*SUPPLIED ENTRIES:*
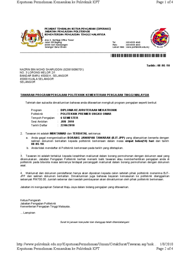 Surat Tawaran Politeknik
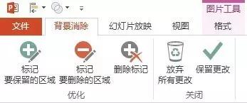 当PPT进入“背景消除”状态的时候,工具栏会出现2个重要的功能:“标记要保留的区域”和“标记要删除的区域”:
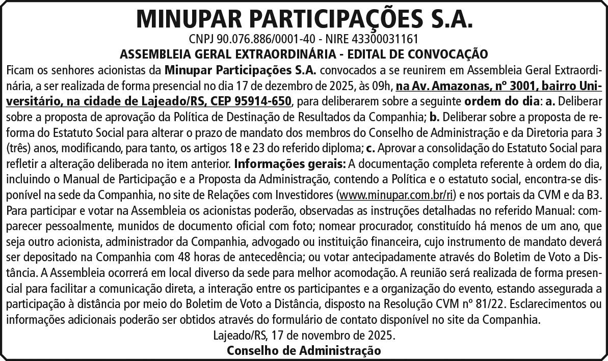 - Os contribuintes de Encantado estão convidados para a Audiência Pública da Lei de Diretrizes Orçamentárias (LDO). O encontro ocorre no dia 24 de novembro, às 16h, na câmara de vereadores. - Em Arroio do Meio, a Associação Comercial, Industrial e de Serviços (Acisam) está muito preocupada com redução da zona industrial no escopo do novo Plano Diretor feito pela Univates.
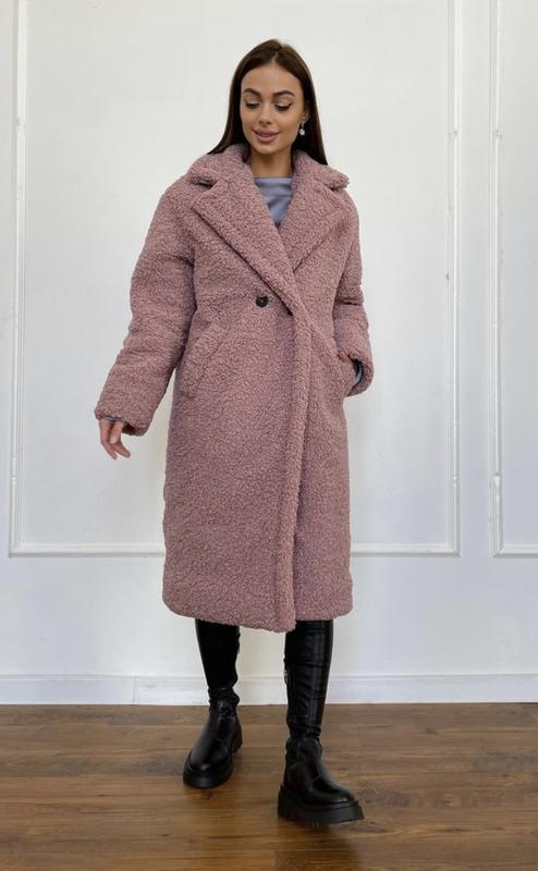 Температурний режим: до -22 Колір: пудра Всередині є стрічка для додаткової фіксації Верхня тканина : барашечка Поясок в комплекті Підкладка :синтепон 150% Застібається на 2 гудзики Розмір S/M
---
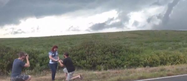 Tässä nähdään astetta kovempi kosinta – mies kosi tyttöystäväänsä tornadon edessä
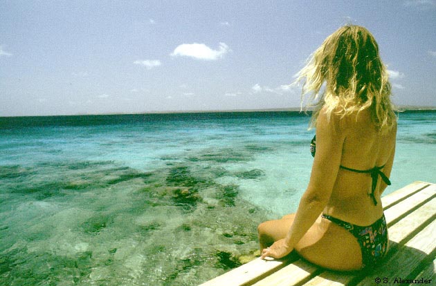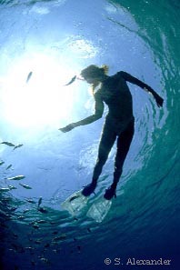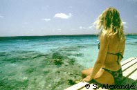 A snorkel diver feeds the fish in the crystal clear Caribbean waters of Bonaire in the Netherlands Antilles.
...
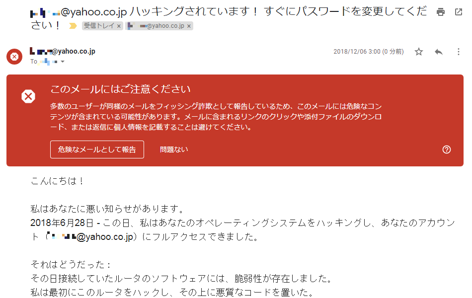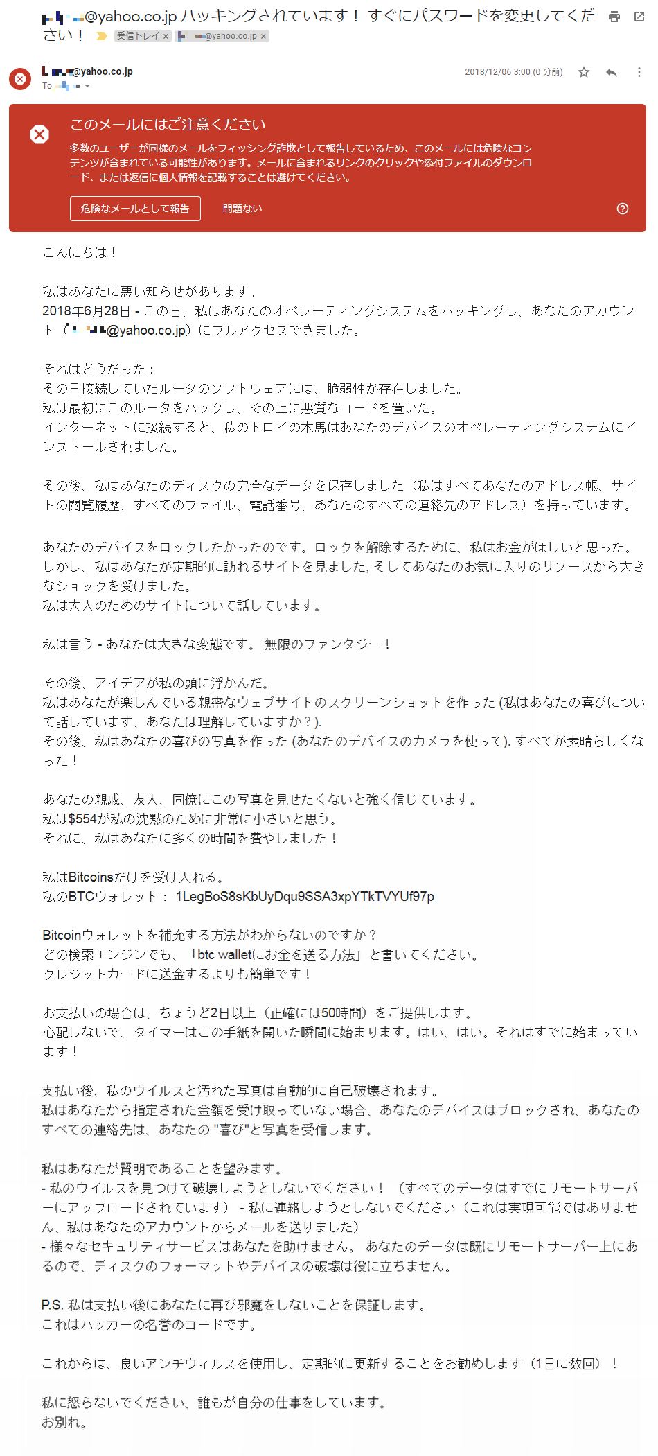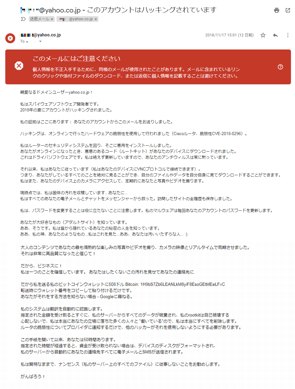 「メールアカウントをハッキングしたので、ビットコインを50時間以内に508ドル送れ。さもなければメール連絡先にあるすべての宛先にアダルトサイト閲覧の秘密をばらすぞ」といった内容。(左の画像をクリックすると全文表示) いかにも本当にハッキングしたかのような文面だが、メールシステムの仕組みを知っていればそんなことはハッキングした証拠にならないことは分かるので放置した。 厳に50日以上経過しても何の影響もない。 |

*REQUIRED ACTION:*
What are the lines in the records above, word for word, from the one containing "Surat Tawaran Politeknik" through the one containing "Температурний режим: до", both ends included and pictures left out?

*EXERCISE RESULT:*
 Surat Tawaran Politeknik
 当PPT进入“背景消除”状态的时候,工具栏会出现2个重要的功能:“标记要保留的区域”和“标记要删除的区域”:
 - Os contribuintes de Encantado estão convidados para a Audiência Pública da Lei de Diretrizes Orçamentárias (LDO). O encontro ocorre no dia 24 de novembro, às 16h, na câmara de vereadores. - Em Arroio do Meio, a Associação Comercial, Industrial e de Serviços (Acisam) está muito preocupada com redução da zona industrial no escopo do novo Plano Diretor feito pela Univates.
 Температурний режим: до -22 Колір: пудра Всередині є стрічка для додаткової фіксації Верхня тканина : барашечка Поясок в комплекті Підкладка :синтепон 150% Застібається на 2 гудзики Розмір S/M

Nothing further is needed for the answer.